**What this task involves**:
Output each entry that follows exactly. Images stay out.

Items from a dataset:
——————

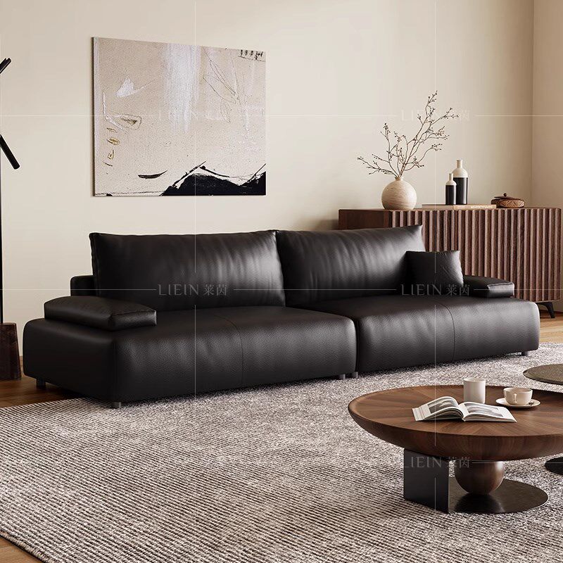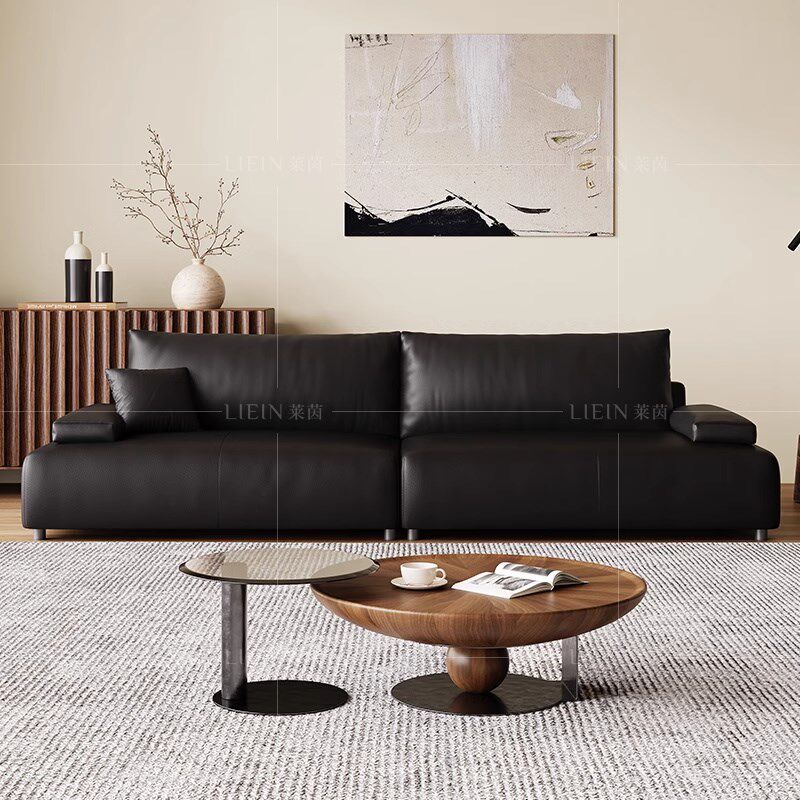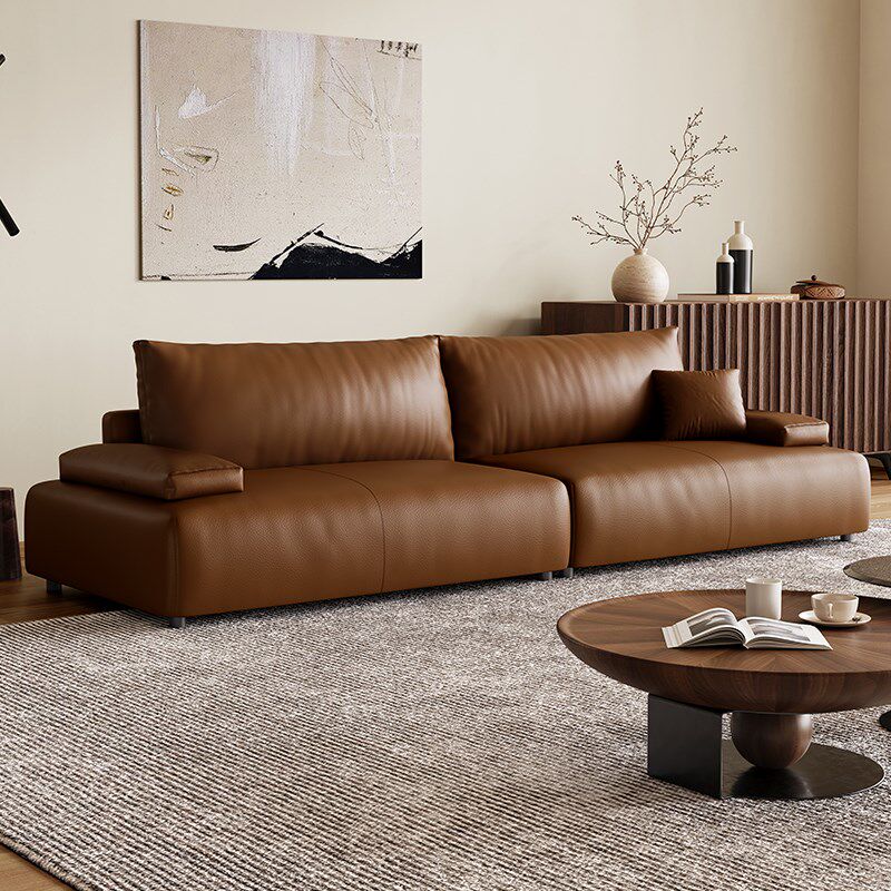 意式极焦糖色头层真牛皮沙发客厅小户型三位豆腐块皮艺沙发
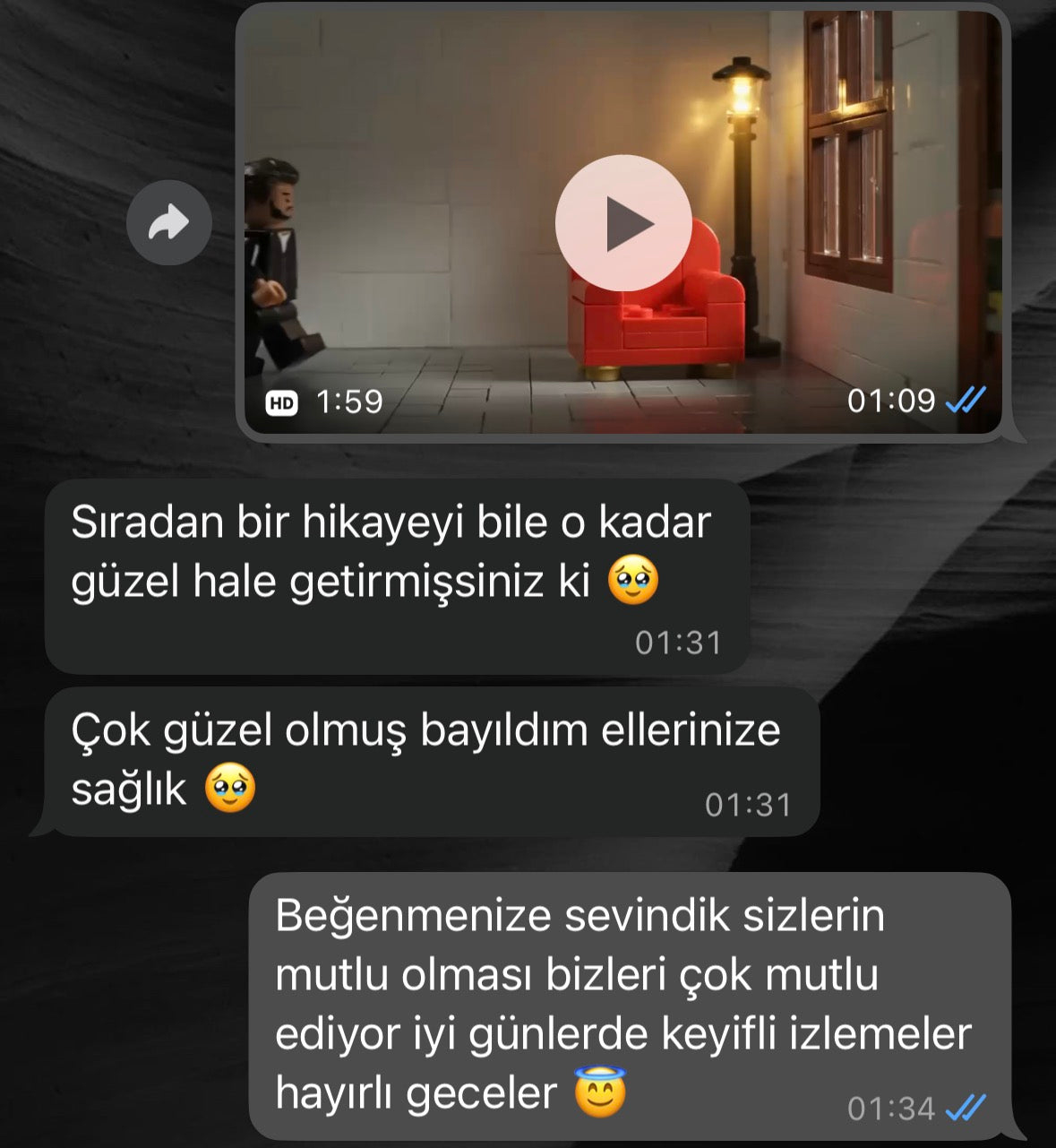 Videoyu ilk açtığımızda sadece eğlenceli olur diye düşünmüştük ama beklediğimizden çok daha anlamlıydı. Anlattığımız hikâyeyi LEGO dünyasında görmek inanılmaz bir his. Aynı gün teslim edilmesi de bizi ayrıca mutlu etti.
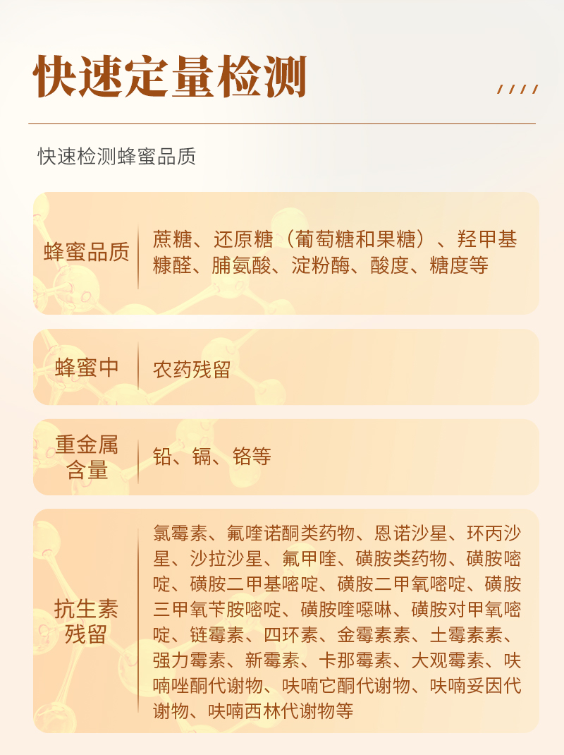 | 食品添加劑:二氧化硫、雙氧水、亞硝酸鹽、硝酸鹽、苯甲酸鈉、山梨酸鉀、糖精鈉、甜蜜素、木耳硫酸鎂等 | 有毒有害物質:甲醛、吊白塊、硼砂、過氧化苯甲酰、溴酸鉀、羅丹明B、三聚氰胺、蘇丹紅、工業堿、尿素、明礬等 | 果蔬:農藥殘留(酶抑制率法) | 病害肉診斷:組胺、揮發性鹽基氮; | 重金屬含量:鉛、鎘、鉻、汞、砷、錫、鎳、鋁等; | 食用油脂: 過氧化值、酸價等 | 瘦肉精激素類(獸藥):鹽酸克倫特羅、沙丁胺醇、萊克多巴胺、己烯雌酚等 | 抗生素殘留類(獸藥):四環素類、硝基呋喃類、磺胺類、β-興奮劑類、沙星類、磺胺類、喹諾酮類,甲砜霉素,氟苯尼考,金剛烷胺、替米考星、慶大霉素、林可霉素、鏈霉素、恩諾沙星、環丙沙星、頭孢啦啶、青霉素、阿莫西林等 | 真菌毒素類:食用油、糧食及飼料中黃曲霉毒素B1、黃曲霉毒素總量,奶中黃曲霉毒素M1、嘔吐毒素、玉米赤霉烯酮、赭曲霉毒素A、T2毒素、伏馬毒素等; | 水酒飲品分析:酒中甲醇、乙醇、乳品及牛奶中蛋白質, | 調味品成分:食醋的總酸、醬油的總酸、芝麻油純度、谷氨酸鈉、醬油氨基酸態氮、食鹽中亞鐵氰化鉀、食鹽中碘等 | 食用色素類:紅色色素(胭脂紅、莧菜紅、赤蘚紅、誘惑紅)、黃色色素(檸檬黃、日落黃)、藍色色素(亮藍)等 | 動物疫病類:禽流感、新城疫、牛羊口蹄疫、牛羊結核病、牛羊包蟲、牛羊布病、小反芻獸、豬藍耳病毒、豬瘟病毒、豬偽狂犬病毒、豬細小、豬圓環、犬細小病毒、犬瘟熱病毒、犬狂犬病毒等; | 蜂蜜成分:果糖和葡萄糖、蔗糖、淀粉酶、酸度等 | 水產品安全類:孔雀石綠、氯霉素、呋喃妥因、呋喃西林、呋喃它酮、呋喃唑酮等 | 蛋類藥物殘留:氯霉素,四環素,磺胺類,喹諾酮類,呋喃西林,呋喃它酮,呋喃妥因,呋喃唑酮,氟苯尼考,阿莫西林、頭孢氨芐、紅霉素、鏈霉素等 |
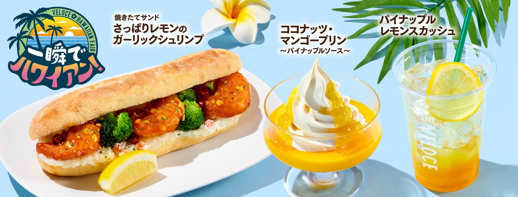 海外の旅行先として絶大な人気を誇る、南国のリゾート“ハワイ”。この夏、『カフェ・ベローチェ』では、お店にいながら一瞬でハワイ気分を味わっていただけるよう、ハワイの定番グルメ「ガーリックシュリンプ」が入った焼きたてサンドや、とろっとトロピカルなマンゴーのプリン、シュワっと弾けるパイナップルのレモンスカッシュの、3つのハワイアングルメを新発売いたします。
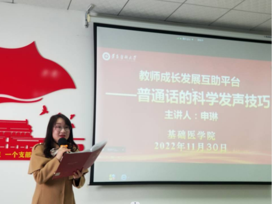 坚持把国家通用语言文字作为教育教学基本用语用字,严格以普通话作为课堂教学基本用语,督促普通话不达标的老师个人自学。同时,为帮助广大教师科学用嗓、正确发声,减轻声带疲劳和损伤,学院邀请党委宣传部综合科科长、贵州省普通话测试员申琳老师授课,于2022年11月30日下午15时50分对学院全体教师开展《普通话的发声技巧》培训。培训会由韩勇副院长主持。
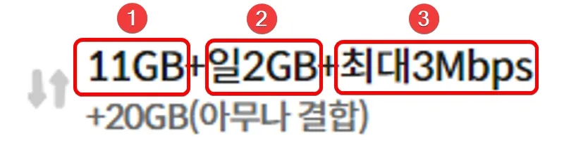 - 매월 제공되는 데이터와 1일당 제공되는 데이터를 모두 사용하면, 적용되는 QoS 속도
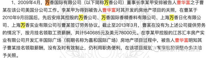 2009 年 4 月,万香公司董事长李某甲安排被告人曹华富之子曹某在该公司美国分公司工作。李某甲为得到被告人曹华富对其开发的房地产项目的关照,在曹某于 2010 年 9 月回国后,先后安排其控股的万香公司、万香国际香精香料有限公司、上海万香日化有限公司、上海万香实业有限公司与曹某签订劳务协议。截止至 2013 年 3 月,曹某在没有为上述公司提供劳务的情况下,按月挂名领取工资薪酬,共计 54.07 万元、美元 7.80 万元。被告人曹华富明知其子曹某挂名领取薪酬,没有及时有效制止,并利用担任淮安市规划局局长的职务便利,为李某甲控股的江苏汇丰房产实业有限公司开发汇丰国际广场(前期名称为嘉和国际广场)房地产项目的规划方案审批和调整谋取利益。
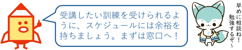 ハロートレーニングの受講申込については複数回の相談が必要です。事前に相談されていない場合は、受付期間最終日に受付できない場合がございますので、ご注意ください。
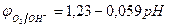 Потенциал окисления гидроксид-ионов (потенциал кислородного электрода) рассчитывается по уравнению (см. раздел 10.3):
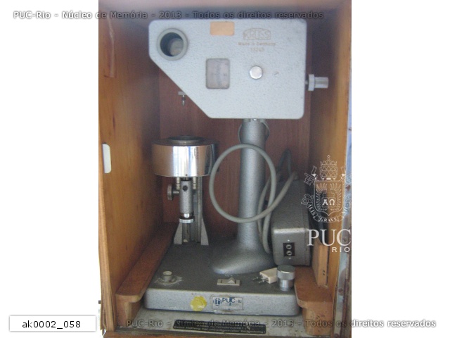Equipamento não identificado. Kruss - Made in Germany. Com placa de patrimônio da PUC-Rio e outra com texto em alemão. |
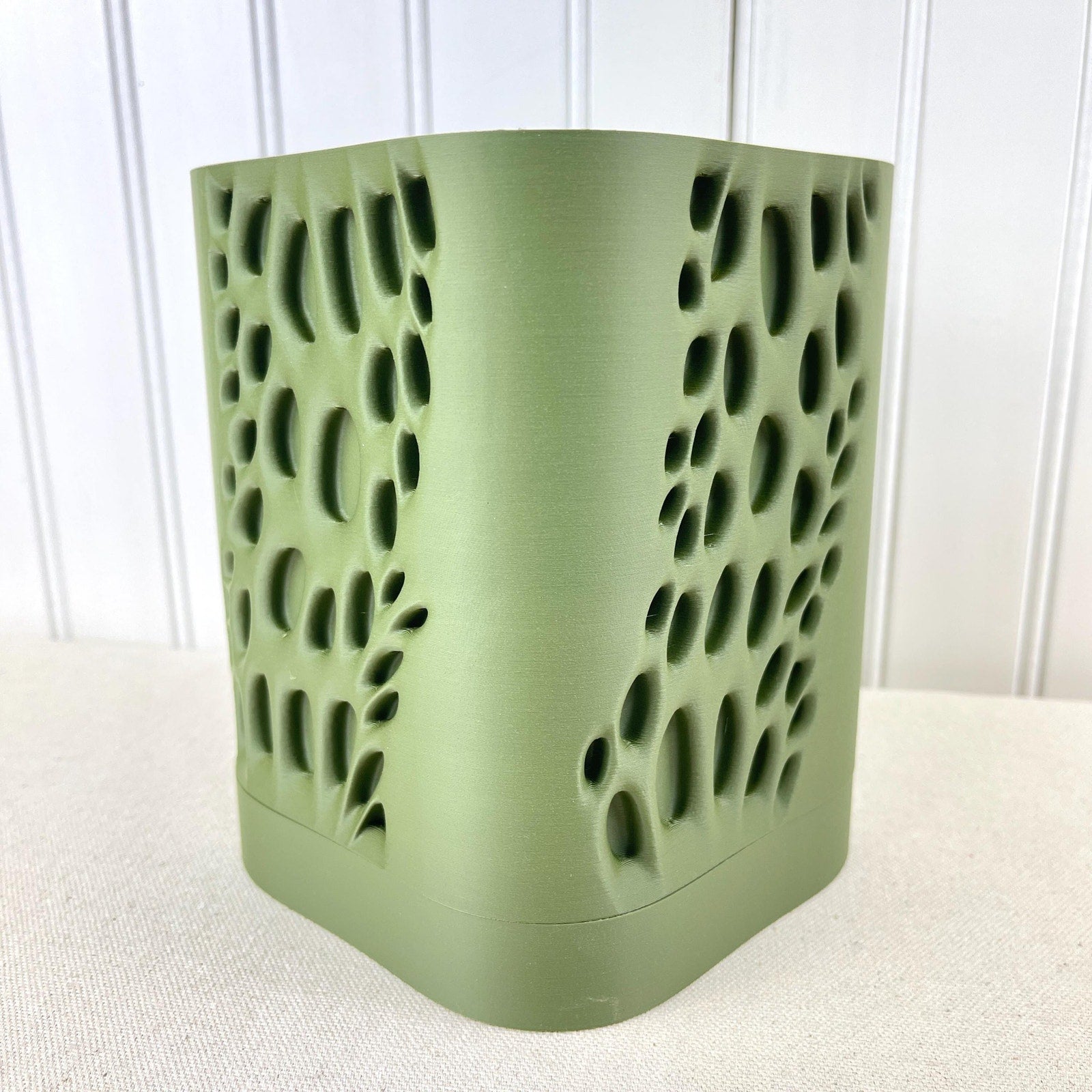 Add a bold, modern touch to your home with this eye-catching 3D printed planter in a soothing matte finish. Featuring a flowing, organic pattern of sculpted cutouts, this planter is the perfect blend of art and function. Whether you're a plant lover or just want to elevate your space with modern decor, this unique planter makes a thoughtful gift or stylish accent for your home. Its contemporary design makes it a standout piece on shelves, desks, or windowsills.
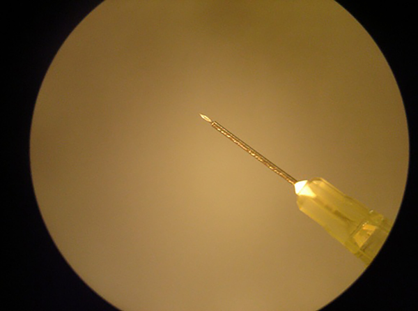 En condiciones de asepsia y antisepsia, en quirófano, bajo microscopio óptico, campo estéril, iodopovidona 5% previa, anestesia tópica y separador de párpado estéril, mediante un dispositivo personalizado —preparado con una aguja 30G y una camisa de acero quirúrgico que sirve para tener un tope y así exponer 1,2 milímetros de la aguja para acceder de forma segura al espacio supracoroideo—, se inyectaron 0,1 mililitros de acetato de triamcinolona a 4 mm de limbo (fig. 5), utilizando de este modo la técnica de dos manos, inyección lenta, de presión continua y perpendicular ya descrita por otros autores3-4. Inmediatamente se constató un vítreo sin presencia de medicación y sin triamcinolona subconjuntival.

——————

**Response to the task**:
 意式极焦糖色头层真牛皮沙发客厅小户型三位豆腐块皮艺沙发
 Videoyu ilk açtığımızda sadece eğlenceli olur diye düşünmüştük ama beklediğimizden çok daha anlamlıydı. Anlattığımız hikâyeyi LEGO dünyasında görmek inanılmaz bir his. Aynı gün teslim edilmesi de bizi ayrıca mutlu etti.
 | 食品添加劑:二氧化硫、雙氧水、亞硝酸鹽、硝酸鹽、苯甲酸鈉、山梨酸鉀、糖精鈉、甜蜜素、木耳硫酸鎂等 | 有毒有害物質:甲醛、吊白塊、硼砂、過氧化苯甲酰、溴酸鉀、羅丹明B、三聚氰胺、蘇丹紅、工業堿、尿素、明礬等 | 果蔬:農藥殘留(酶抑制率法) | 病害肉診斷:組胺、揮發性鹽基氮; | 重金屬含量:鉛、鎘、鉻、汞、砷、錫、鎳、鋁等; | 食用油脂: 過氧化值、酸價等 | 瘦肉精激素類(獸藥):鹽酸克倫特羅、沙丁胺醇、萊克多巴胺、己烯雌酚等 | 抗生素殘留類(獸藥):四環素類、硝基呋喃類、磺胺類、β-興奮劑類、沙星類、磺胺類、喹諾酮類,甲砜霉素,氟苯尼考,金剛烷胺、替米考星、慶大霉素、林可霉素、鏈霉素、恩諾沙星、環丙沙星、頭孢啦啶、青霉素、阿莫西林等 | 真菌毒素類:食用油、糧食及飼料中黃曲霉毒素B1、黃曲霉毒素總量,奶中黃曲霉毒素M1、嘔吐毒素、玉米赤霉烯酮、赭曲霉毒素A、T2毒素、伏馬毒素等; | 水酒飲品分析:酒中甲醇、乙醇、乳品及牛奶中蛋白質, | 調味品成分:食醋的總酸、醬油的總酸、芝麻油純度、谷氨酸鈉、醬油氨基酸態氮、食鹽中亞鐵氰化鉀、食鹽中碘等 | 食用色素類:紅色色素(胭脂紅、莧菜紅、赤蘚紅、誘惑紅)、黃色色素(檸檬黃、日落黃)、藍色色素(亮藍)等 | 動物疫病類:禽流感、新城疫、牛羊口蹄疫、牛羊結核病、牛羊包蟲、牛羊布病、小反芻獸、豬藍耳病毒、豬瘟病毒、豬偽狂犬病毒、豬細小、豬圓環、犬細小病毒、犬瘟熱病毒、犬狂犬病毒等; | 蜂蜜成分:果糖和葡萄糖、蔗糖、淀粉酶、酸度等 | 水產品安全類:孔雀石綠、氯霉素、呋喃妥因、呋喃西林、呋喃它酮、呋喃唑酮等 | 蛋類藥物殘留:氯霉素,四環素,磺胺類,喹諾酮類,呋喃西林,呋喃它酮,呋喃妥因,呋喃唑酮,氟苯尼考,阿莫西林、頭孢氨芐、紅霉素、鏈霉素等 |
 海外の旅行先として絶大な人気を誇る、南国のリゾート“ハワイ”。この夏、『カフェ・ベローチェ』では、お店にいながら一瞬でハワイ気分を味わっていただけるよう、ハワイの定番グルメ「ガーリックシュリンプ」が入った焼きたてサンドや、とろっとトロピカルなマンゴーのプリン、シュワっと弾けるパイナップルのレモンスカッシュの、3つのハワイアングルメを新発売いたします。
 坚持把国家通用语言文字作为教育教学基本用语用字,严格以普通话作为课堂教学基本用语,督促普通话不达标的老师个人自学。同时,为帮助广大教师科学用嗓、正确发声,减轻声带疲劳和损伤,学院邀请党委宣传部综合科科长、贵州省普通话测试员申琳老师授课,于2022年11月30日下午15时50分对学院全体教师开展《普通话的发声技巧》培训。培训会由韩勇副院长主持。
 - 매월 제공되는 데이터와 1일당 제공되는 데이터를 모두 사용하면, 적용되는 QoS 속도
 2009 年 4 月,万香公司董事长李某甲安排被告人曹华富之子曹某在该公司美国分公司工作。李某甲为得到被告人曹华富对其开发的房地产项目的关照,在曹某于 2010 年 9 月回国后,先后安排其控股的万香公司、万香国际香精香料有限公司、上海万香日化有限公司、上海万香实业有限公司与曹某签订劳务协议。截止至 2013 年 3 月,曹某在没有为上述公司提供劳务的情况下,按月挂名领取工资薪酬,共计 54.07 万元、美元 7.80 万元。被告人曹华富明知其子曹某挂名领取薪酬,没有及时有效制止,并利用担任淮安市规划局局长的职务便利,为李某甲控股的江苏汇丰房产实业有限公司开发汇丰国际广场(前期名称为嘉和国际广场)房地产项目的规划方案审批和调整谋取利益。
 ハロートレーニングの受講申込については複数回の相談が必要です。事前に相談されていない場合は、受付期間最終日に受付できない場合がございますので、ご注意ください。
 Потенциал окисления гидроксид-ионов (потенциал кислородного электрода) рассчитывается по уравнению (см. раздел 10.3):
Equipamento não identificado. Kruss - Made in Germany. Com placa de patrimônio da PUC-Rio e outra com texto em alemão. |
 Add a bold, modern touch to your home with this eye-catching 3D printed planter in a soothing matte finish. Featuring a flowing, organic pattern of sculpted cutouts, this planter is the perfect blend of art and function. Whether you're a plant lover or just want to elevate your space with modern decor, this unique planter makes a thoughtful gift or stylish accent for your home. Its contemporary design makes it a standout piece on shelves, desks, or windowsills.
 En condiciones de asepsia y antisepsia, en quirófano, bajo microscopio óptico, campo estéril, iodopovidona 5% previa, anestesia tópica y separador de párpado estéril, mediante un dispositivo personalizado —preparado con una aguja 30G y una camisa de acero quirúrgico que sirve para tener un tope y así exponer 1,2 milímetros de la aguja para acceder de forma segura al espacio supracoroideo—, se inyectaron 0,1 mililitros de acetato de triamcinolona a 4 mm de limbo (fig. 5), utilizando de este modo la técnica de dos manos, inyección lenta, de presión continua y perpendicular ya descrita por otros autores3-4. Inmediatamente se constató un vítreo sin presencia de medicación y sin triamcinolona subconjuntival.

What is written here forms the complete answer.